Key Provisions Impacting Clinical Laboratories
The Consolidated Appropriations Act includes several provisions of particular importance to clinical diagnostic laboratories:
1. Delay of Fee Schedule Reductions
The Act postpones scheduled CLFS payment reductions until 2027 and extends protections through the end of 2029. As a result, Medicare payments for clinical diagnostic laboratory tests in 2026 will not be reduced by more than 15% annually until 2027. This delay provides short-term financial stability for laboratories that have been preparing for significant reimbursement cuts.
2. Temporary Relief from Outdated Data Reporting
Previously, laboratories were required to report private payor data beginning February 1, 2026, based on reimbursement data collected in 2019. The Act revises this requirement, asking for laboratories to report data collected between January 1, 2025, and June 30, 2025.
3. Extended Reporting Timeline
The legislation also shifts the CLFS data reporting period to May 1, 2026, through July 31, 2026, rather than the previously scheduled February-April window. Considering the change in data collection period requirements, this is a much needed shift in the due date.
4. Increased CMS Flexibility
Finally, the Act authorizes the Centers for Medicare and Medicaid Services (CMS) to make future adjustments to the CLFS reporting program through sub-regulatory guidance, such as program instructions, rather than formal rule making.

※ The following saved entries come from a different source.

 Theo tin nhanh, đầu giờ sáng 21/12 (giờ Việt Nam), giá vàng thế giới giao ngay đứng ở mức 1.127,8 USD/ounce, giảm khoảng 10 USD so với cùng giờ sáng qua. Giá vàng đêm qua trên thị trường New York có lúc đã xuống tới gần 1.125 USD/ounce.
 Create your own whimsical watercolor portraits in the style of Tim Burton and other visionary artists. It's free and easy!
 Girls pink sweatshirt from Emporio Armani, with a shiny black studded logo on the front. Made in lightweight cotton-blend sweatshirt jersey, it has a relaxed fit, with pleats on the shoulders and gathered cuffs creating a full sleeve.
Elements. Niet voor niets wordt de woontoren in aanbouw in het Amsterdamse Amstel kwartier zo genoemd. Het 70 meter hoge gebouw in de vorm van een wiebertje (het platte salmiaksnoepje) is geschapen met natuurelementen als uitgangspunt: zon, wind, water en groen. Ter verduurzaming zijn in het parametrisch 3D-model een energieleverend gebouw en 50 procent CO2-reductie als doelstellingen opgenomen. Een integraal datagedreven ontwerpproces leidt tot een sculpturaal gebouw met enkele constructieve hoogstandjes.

This change allows CMS to respond more quickly and adapt program requirements as implementation challenges arise.
What This Means for Laboratories
While the Act offers immediate relief from imminent reporting deadlines and temporarily halts deeper reimbursement cuts, it does not remove the underlying obligation for applicable laboratories to collect and report private payor data. Compliance expectations remain firmly in place.

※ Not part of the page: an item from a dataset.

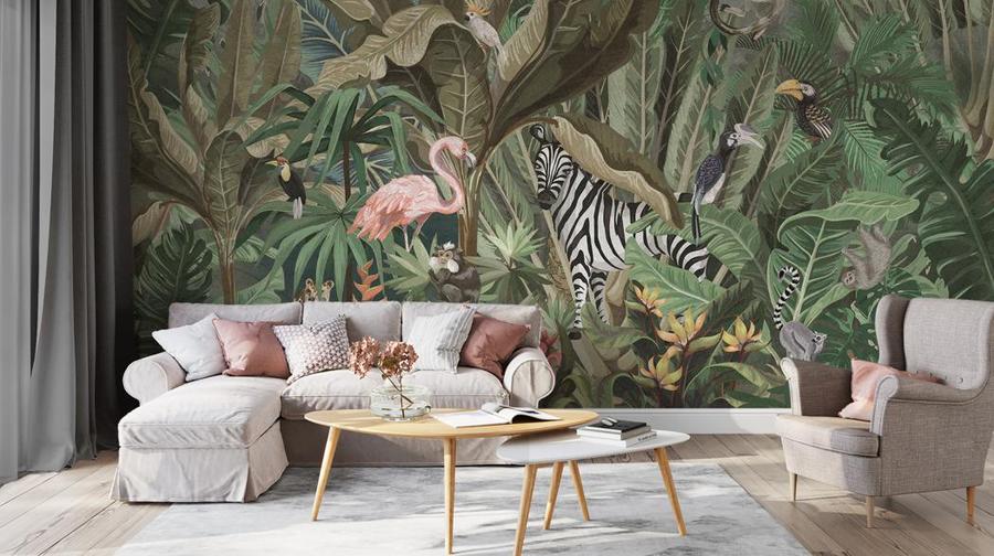 Висококачествен тапет с мотива на джунглата в ярки цветове – изработен с помощта на екологична технология за печат на тапети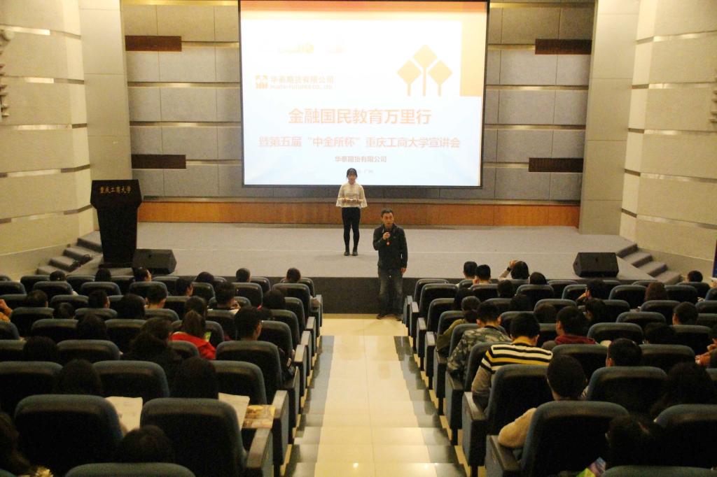 为了培育行业后备人才,促进高校将大赛与学科建设及学生学业挂钩;促进学生了解和学习金融衍生品知识,让学生在比赛中得到学习和提升,2017年4月21日下午2:00,第五届“中金所杯”jinnianhui今年会宣讲会在南岸校区07100准时举行。华泰期货重庆营业部销售总监万鹏先生、华泰期货重庆营业部陆彦女士,财政jinnianhui今年会党委副书记黄谦、分团委书记徐阔、学科竞赛指导老师余红霞出席此次大会。

As a result, continued industry advocacy is expected around broader legislative solutions, including the RESULTS Act. If enacted, the RESULTS Act would shift much of the data collection responsibility away from laboratories by requiring CMS to obtain pricing data from independent sources. In the near term, laboratories, including hospital-based labs, should anticipate CMS issuing additional guidance on reporting requirements within the next several months.
How APS is Supporting Clients
APS continues to closely monitor legislative and regulatory developments affecting laboratory reimbursement. We are actively working to collect the required claims data for review and timely submission to CMS.